- [Task objective]:
The expected answer is a verbatim transcription of the lines below, beginning with the first and ending with the line that holds "Dolce & Gabbana", without pictures.

- [Recorded information]:

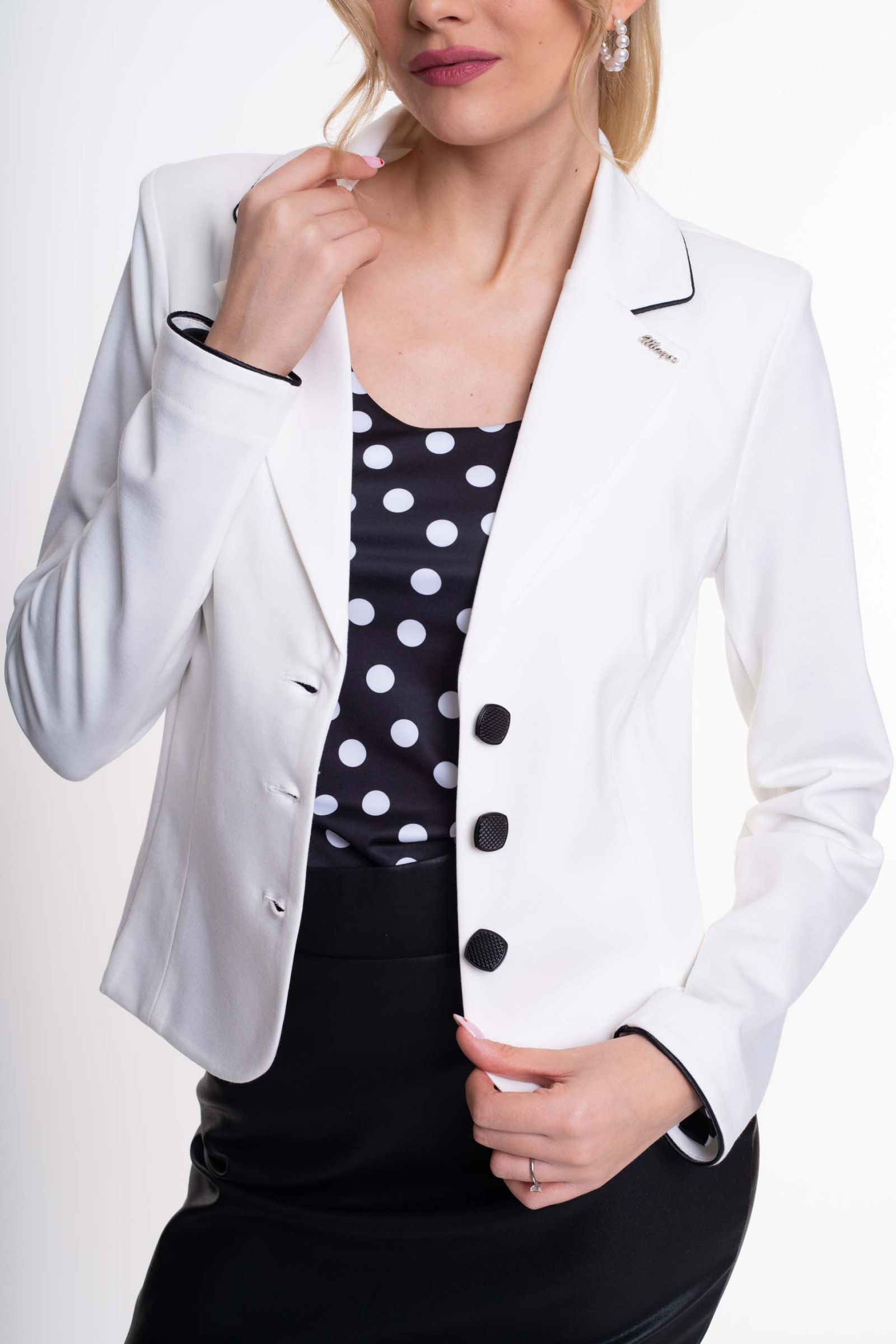 Elasztikus anyagból készült karcsúsított fazonú blézer válltöméssel, dísszegőkkel, gombos záródással, kis fém márkajelzéssel.
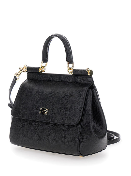 Dolce & Gabbana Women Black Handbag With Adjustable And Removable Shoulder Strap And Logo Plaque On The Front In Grained Leather Woman
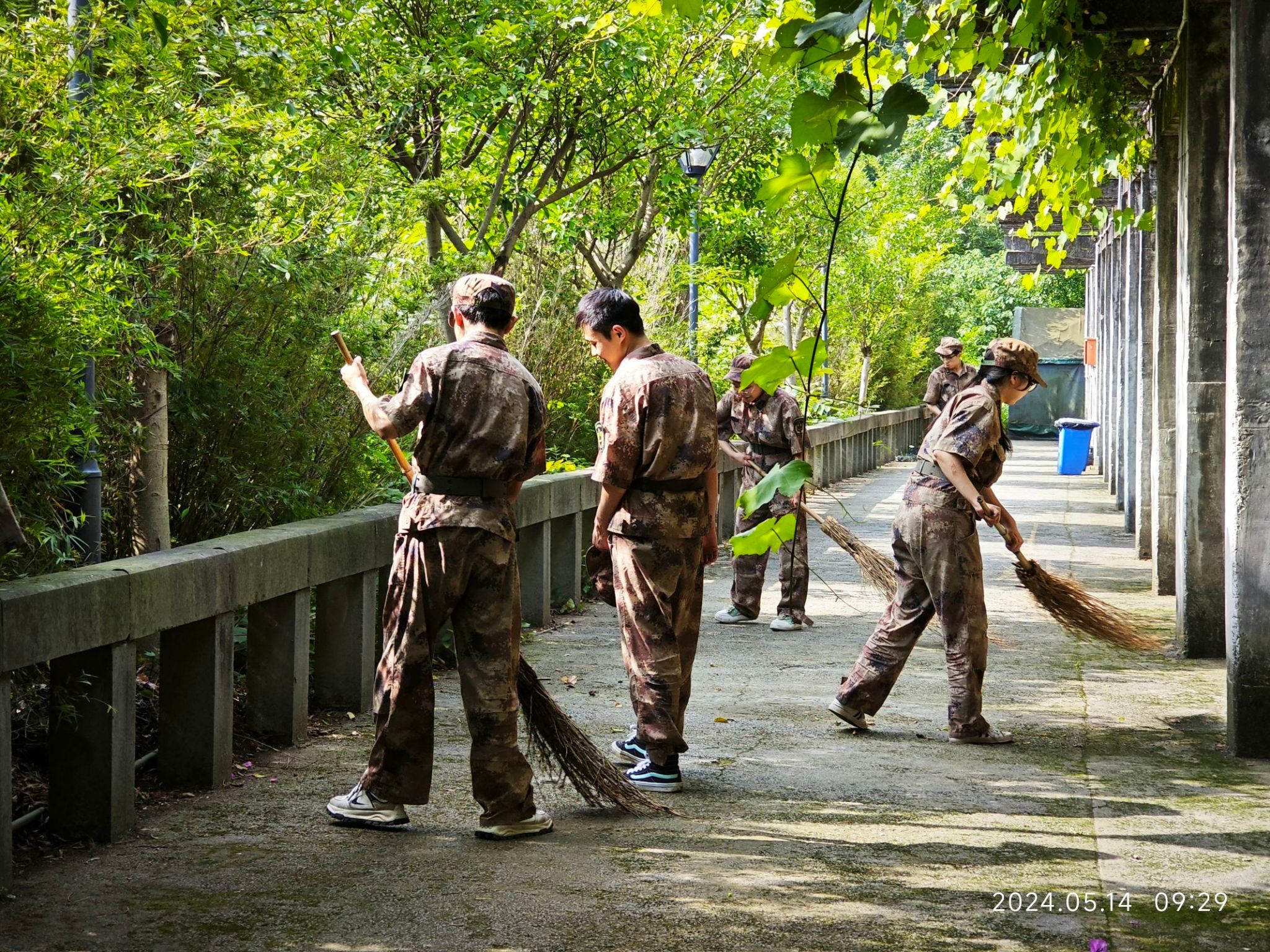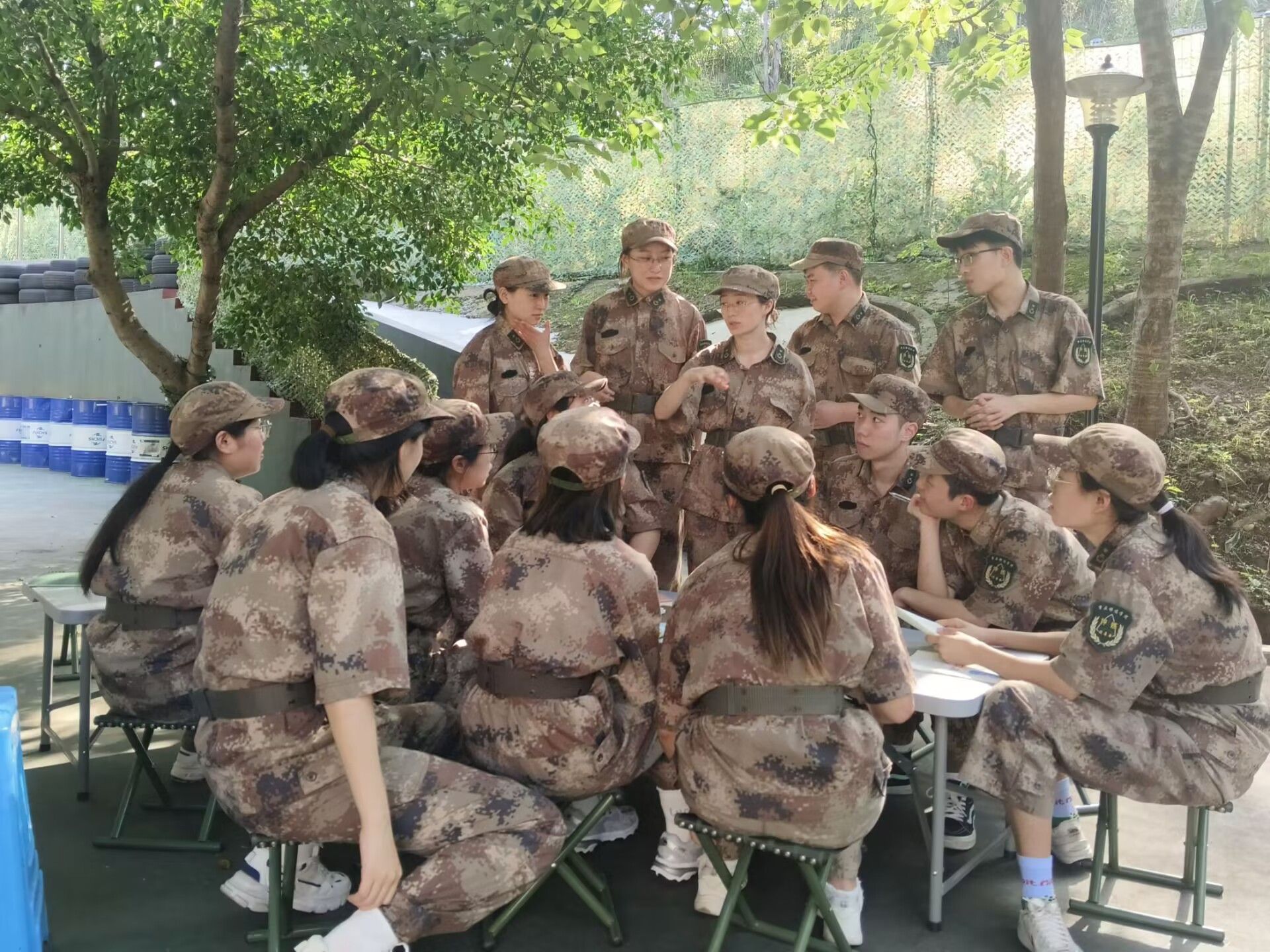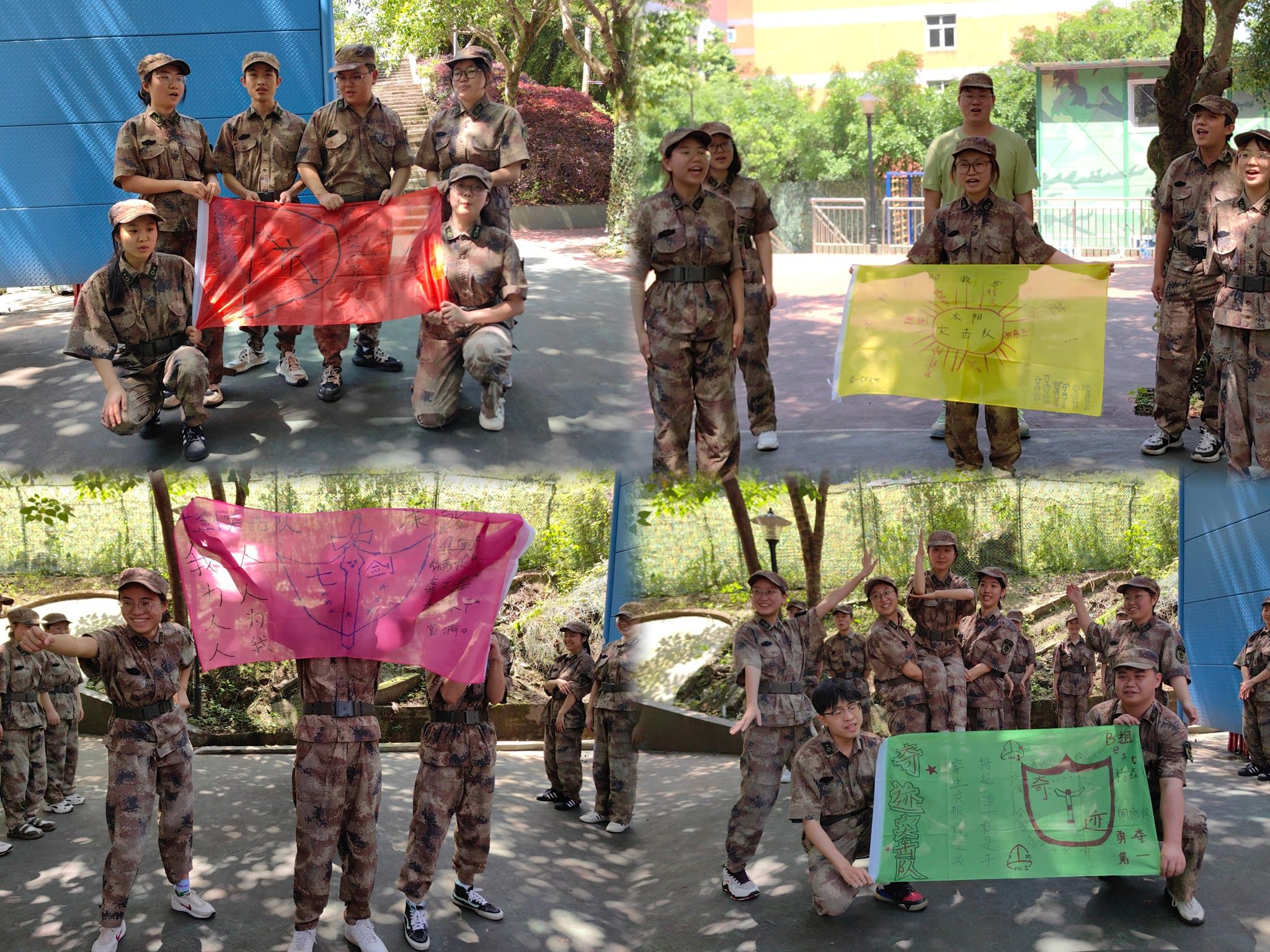 迎着五月的骄阳,15班的同学们踏上了淬炼之路。进入淬炼基地,李教练为同学们进行了规则事项介绍并让大家以不同方式互相了解,随后进行了分组。穿上漂亮的迷彩服,同学们迎来了第一项目-队列训练,在教练的动作示范下每个小组开始了短时间的训练,大家认真地听从组长的口令,无论是稍息力正,还是蹲下起立,每个小组都整齐划一,最后在项目比拼中第一组得到了第一名。大家并没有气馁,在第二项目-制造队旗文化中,每个人更是发挥出了自己的创造力及想象力,为各自的队旗增添风采,通过队形以及队歌口号每个组都展现出了不一样的青春洋溢。下午,七巧板游戏的到来让每个同学充满期待,在教练介绍完规则后,大家迫不及待地拿起自己组的任务卡和图形卡,但由于要求有限,大家不停的交换、借道具,全班在最后虽是取得了游戏较高分数,但是仍然存在某部分小组没有完成任务的情况,教练提到,七巧板需要全班一起努力才可以全部完成,如果不能顾全大局,很难取得成功,在教练的带领下,同学们认真反思,在接下来的项目-做武器中大家更是明白了协作的重要性,五根竹竿和一堆绳子在两大组同学的心灵手巧下变成了会投掷水球的武器,在制作过程中,同学们分工明确,在投弹成功的喜悦中同学们互相总结经验。晚上,体力项目让每个同学都身心疲惫,但是在这十几圈障碍跑中同学们互相帮助,奔跑在灯光下的每个人都在闪闪发光。

- [Written answer]:
 Elasztikus anyagból készült karcsúsított fazonú blézer válltöméssel, dísszegőkkel, gombos záródással, kis fém márkajelzéssel.
 Dolce & Gabbana Women Black Handbag With Adjustable And Removable Shoulder Strap And Logo Plaque On The Front In Grained Leather Woman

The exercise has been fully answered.